BEGIN

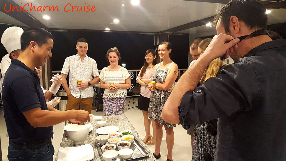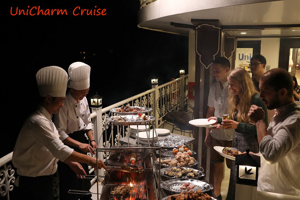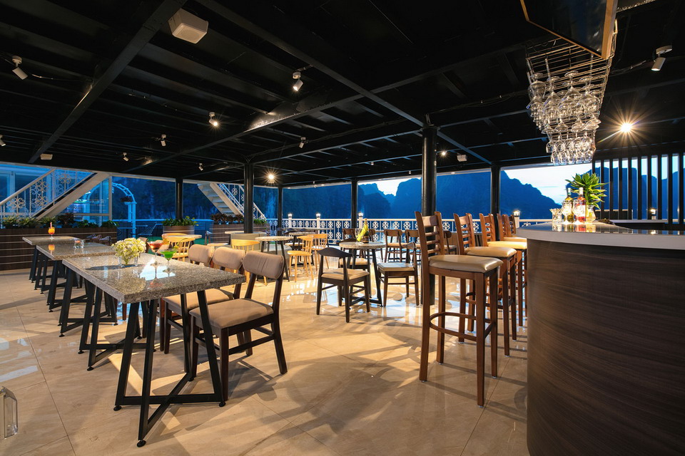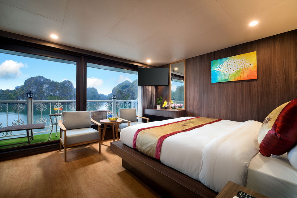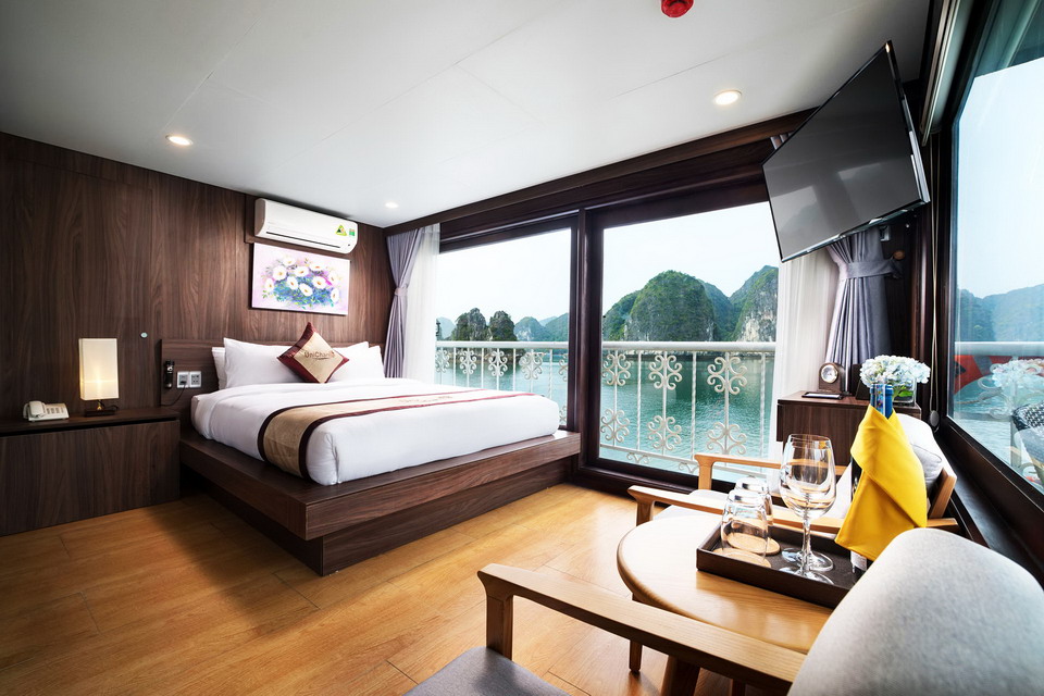 CHARM TERRACE: Room description: Quantity: 04 cabins, Location: 2nd and 3rd deck, Size: 30 square meters, Bed Type: Double. Maximum Occupancy: 2 Adults, 1 Child. Each cabin has a private terrace, floor-to-ceiling window with ocean view, bathroom with standing shower, and possible for putting extra bed. FAMILY CONNECTING: Room description: Quantity: 03 cabins, Location: 2nd and 3rd deck, Size: 50 – 60 square meters. Bed Type: 2 double beds or 1 Double bed & 2 single beds. Maximum Occupancy: 4 Adults, 2 Children (If you in a group of 5 adults, we will add an extra bed). Each Cabin has a private terrace, Floor-to-ceiling window with ocean view, 2 bathrooms with standing showers and possible for putting extra bed.
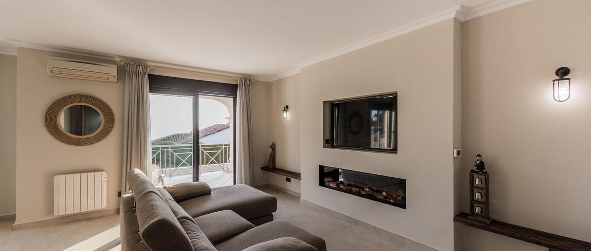 On entry level, you find a large living room with electric fireplace and TV wall. There are 5 double bedrooms of which 2 are en-suite. 3 bedrooms have balconies and with sea views or garden/pool view. All bedrooms have fitted wardrobes. The other 2 bedrooms share 1 bathroom/cloak room.
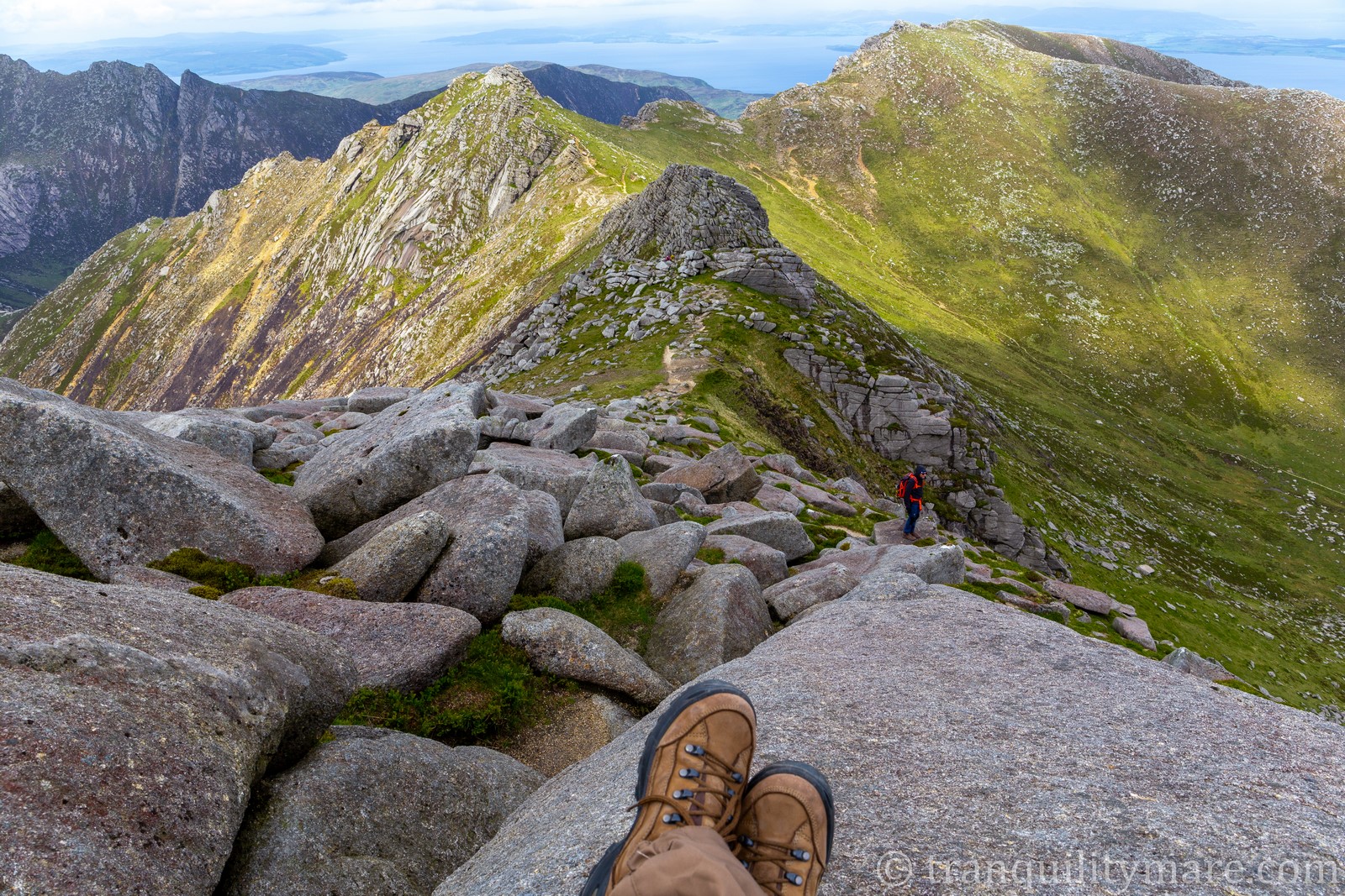Arran is often called “Scotland in miniature” because it has everything that makes this country so special — dramatic mountains, rugged cliffs, green valleys, sheep, the sea, and peaceful silence. We climb the island’s highest peak, Goatfell, wander through the valleys, and simply soak in the island’s unique atmosphere.
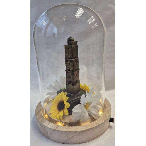Glazen stolp met Brandaris Terschelling verbronsd
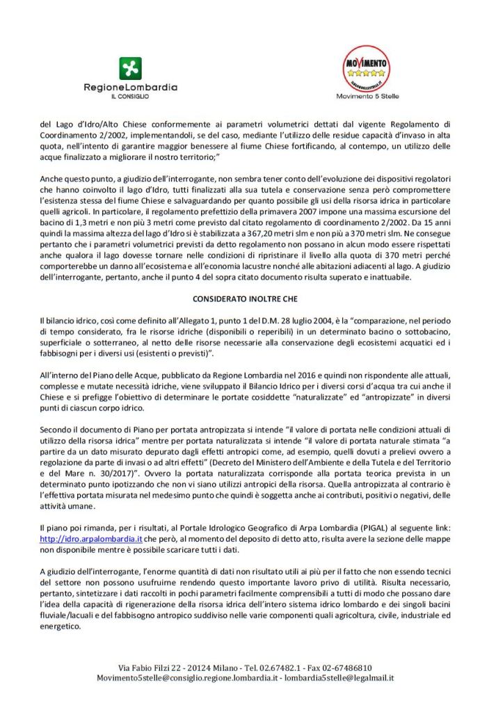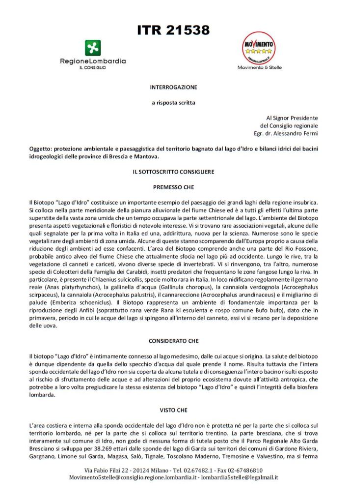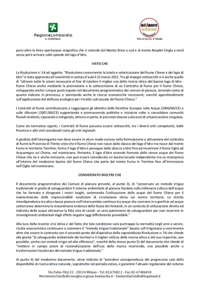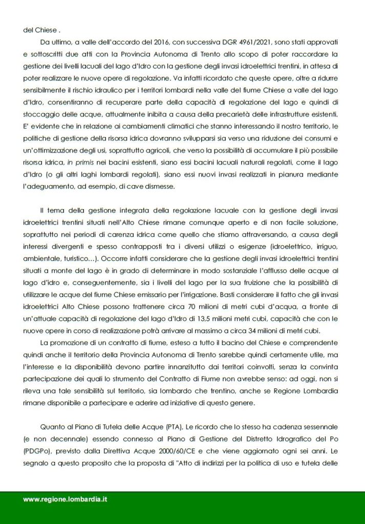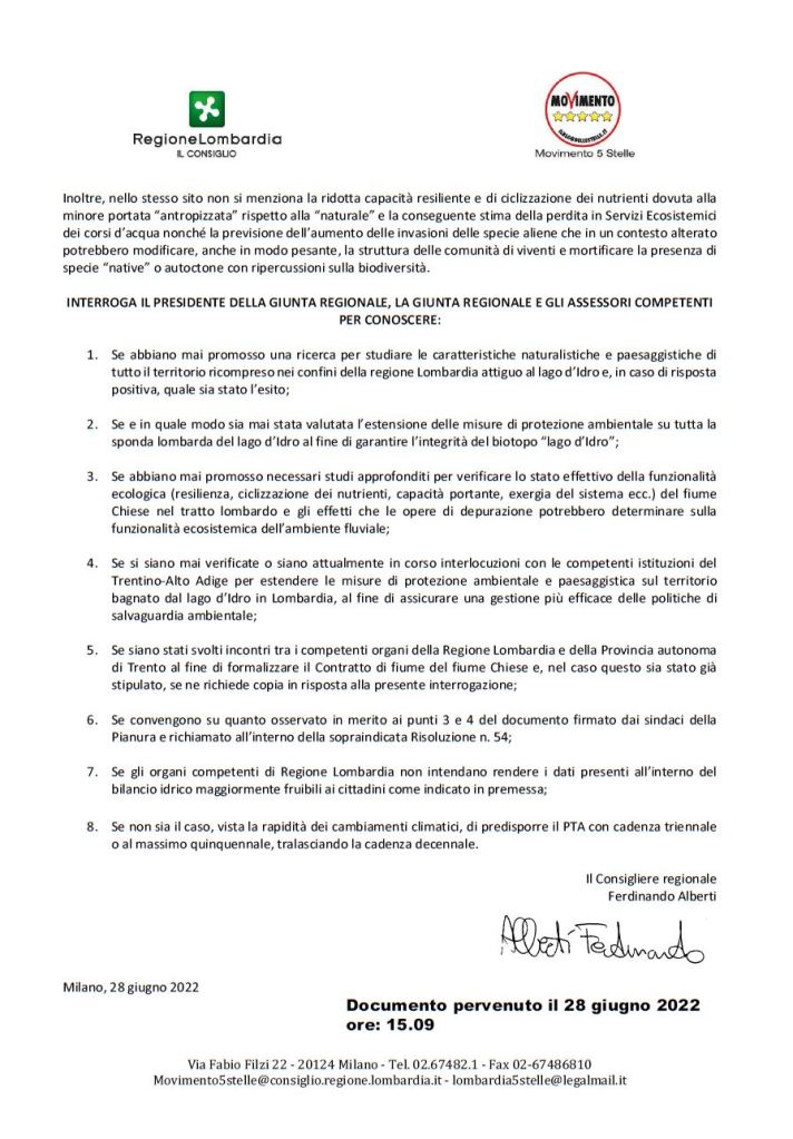 Seguono l’interrogazione n° 21538 del 28 giugno 2022 depositata dal Consigliere Ferdinando Alberti al Consiglio regionale lombardo in merito alla gestione del lago d’Idro e la relativa risposta fornita dall’assessore Pietro Fioroni.
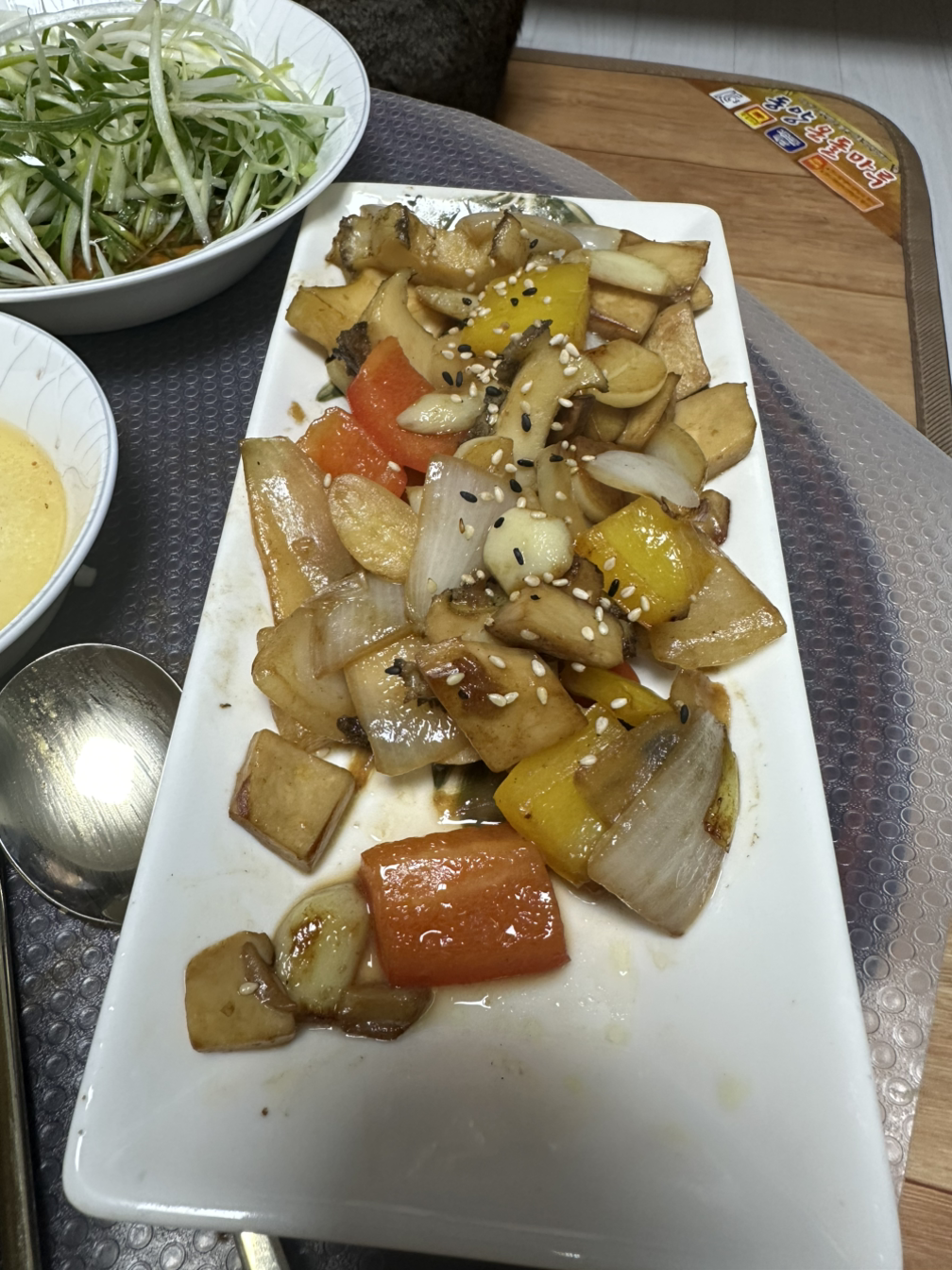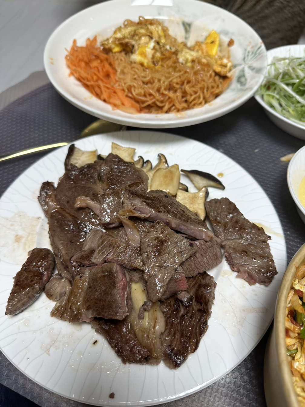 운동 마치고 돌아와 바로 외이프랑 저녁 식사를 했습니다. 전복 버터구이. 비빔면. 소고기. 내일 훈련 잘하라고.. 이렇게 신경 쓰는 게 고마우면서 미안하면서 그렇습니다.
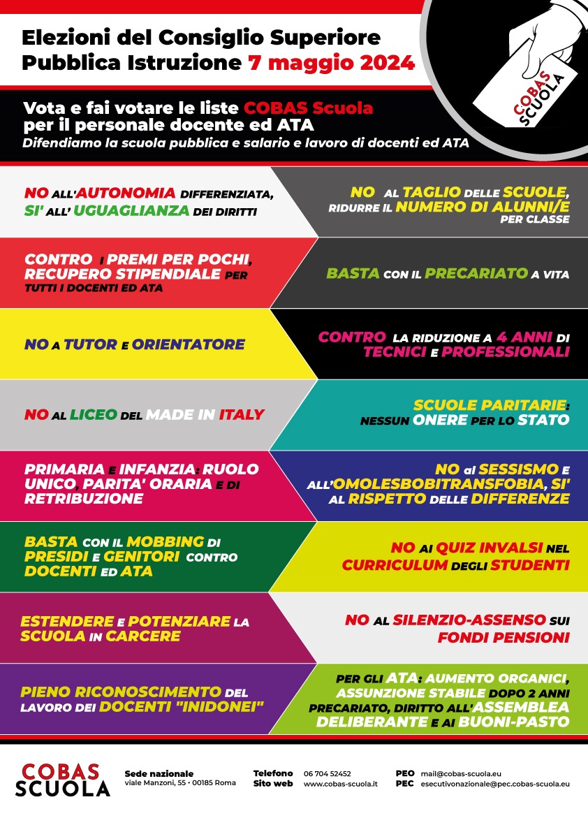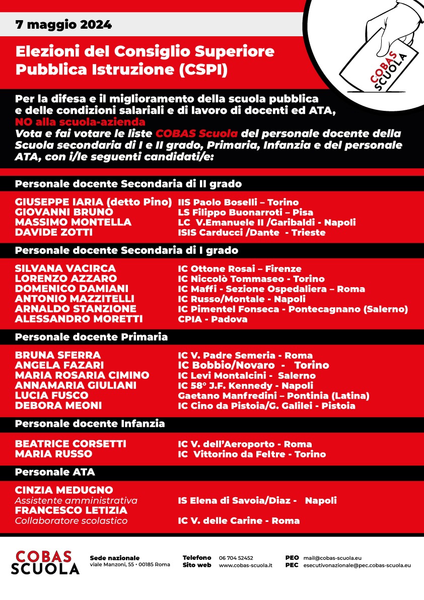 | Elenco Candidati e Piattaforma Cobas Elezioni CSPI 2024 | Per il Personale Scolastico | ||
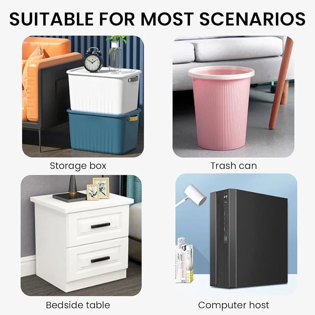 - VERSATILE APPLICATIONS: Make moving easier! Whether you need to relocate a printer, small appliances, storage boxes, mop buckets, or nightstands, these adhesive casters have you covered. Ideal for underbed storage, toolboxes, and air purifiers, they offer up to 22 pounds of support with four wheels. For heavier items, add more wheels for increased capacity. Enhance your mobility solutions today!
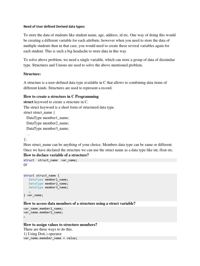 Once we have declared the structure we can use the struct name as a data type like int, float etc.
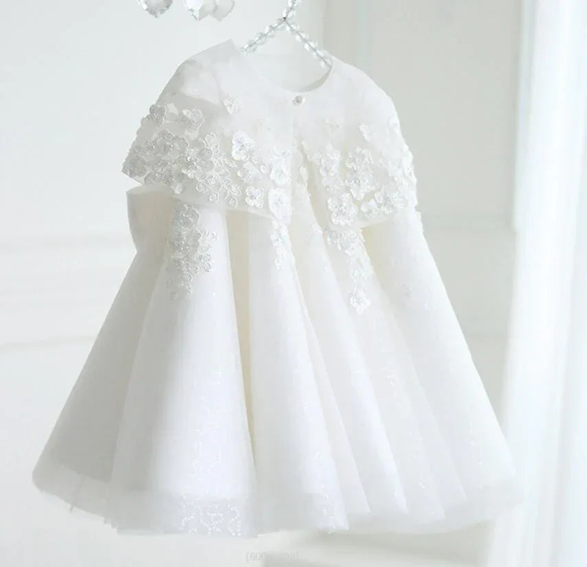 This knee-length dress is available in sizes for girls aged 7 months to 7 years, ensuring a perfect fit for every special event. With lovely cap sleeves, it is perfect for all seasons. The added option of a matching cape drapes across the shoulders, enhancing its elegance while keeping your child warm. The cape is also adorned with delightful flower appliques and faux pearls, making it an ideal companion to the dress.
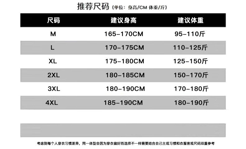 China (cm) 165 / 88-90 170 / 96-98 175 / 108-110 180 / 118-122 185 / 126-130
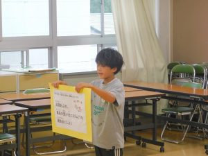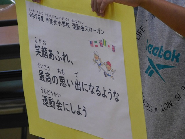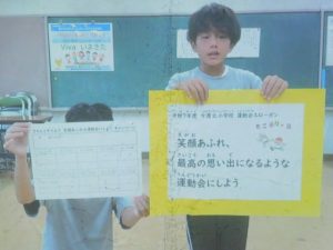 前半は代表委員から、運動会スローガンと日常の取り組みの発表。
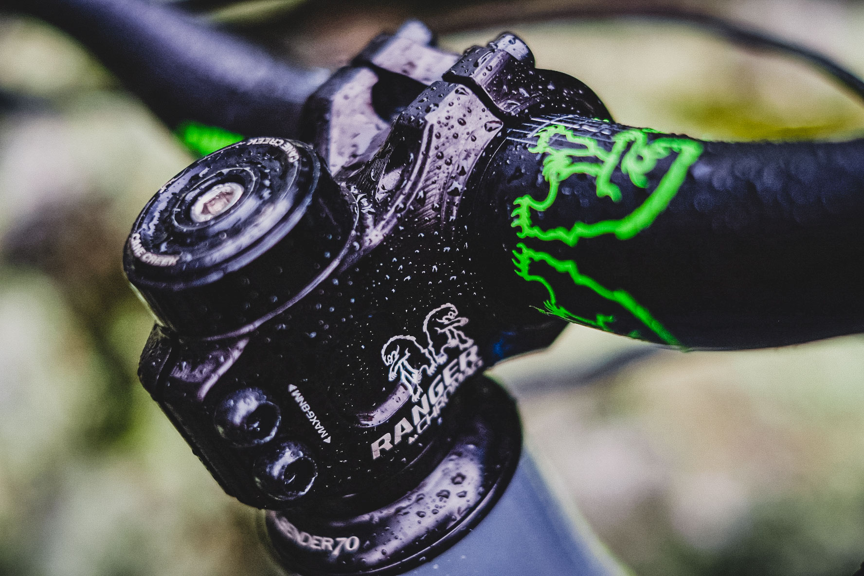 - Cockpit: Handlebar: Chromag OSX Fubar 780mm wide with a Chromag 40mm Ranger Stem. I used a 31.8mm clamp because I want the bars to flex, offering a little more suppleness on rough terrain.
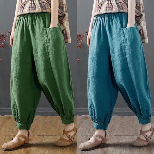 吸湿性、保湿性、 通気性の綿麻生地を使用したワイドパンツ。
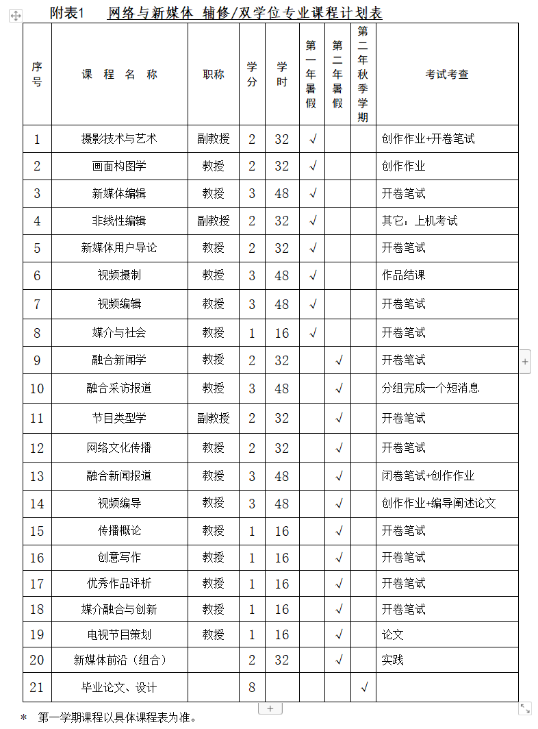 九、开设课程培养方案(见附表1)
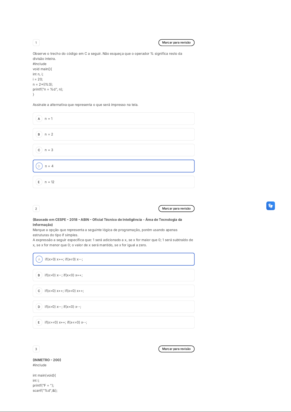 Observe o trecho do código em C a seguir. Não esqueça que o operador % significa resto da

END

_WHAT YOU HAVE TO DO_
What is needed here is an exact copy of the lines from the line containing "Scolastico | ||" through the end of the records, with every picture left out.

_EXERCISE ANSWER_
 | Elenco Candidati e Piattaforma Cobas Elezioni CSPI 2024 | Per il Personale Scolastico | ||
 - VERSATILE APPLICATIONS: Make moving easier! Whether you need to relocate a printer, small appliances, storage boxes, mop buckets, or nightstands, these adhesive casters have you covered. Ideal for underbed storage, toolboxes, and air purifiers, they offer up to 22 pounds of support with four wheels. For heavier items, add more wheels for increased capacity. Enhance your mobility solutions today!
 Once we have declared the structure we can use the struct name as a data type like int, float etc.
 This knee-length dress is available in sizes for girls aged 7 months to 7 years, ensuring a perfect fit for every special event. With lovely cap sleeves, it is perfect for all seasons. The added option of a matching cape drapes across the shoulders, enhancing its elegance while keeping your child warm. The cape is also adorned with delightful flower appliques and faux pearls, making it an ideal companion to the dress.
 China (cm) 165 / 88-90 170 / 96-98 175 / 108-110 180 / 118-122 185 / 126-130
 前半は代表委員から、運動会スローガンと日常の取り組みの発表。
 - Cockpit: Handlebar: Chromag OSX Fubar 780mm wide with a Chromag 40mm Ranger Stem. I used a 31.8mm clamp because I want the bars to flex, offering a little more suppleness on rough terrain.
 吸湿性、保湿性、 通気性の綿麻生地を使用したワイドパンツ。
 九、开设课程培养方案(见附表1)
 Observe o trecho do código em C a seguir. Não esqueça que o operador % significa resto da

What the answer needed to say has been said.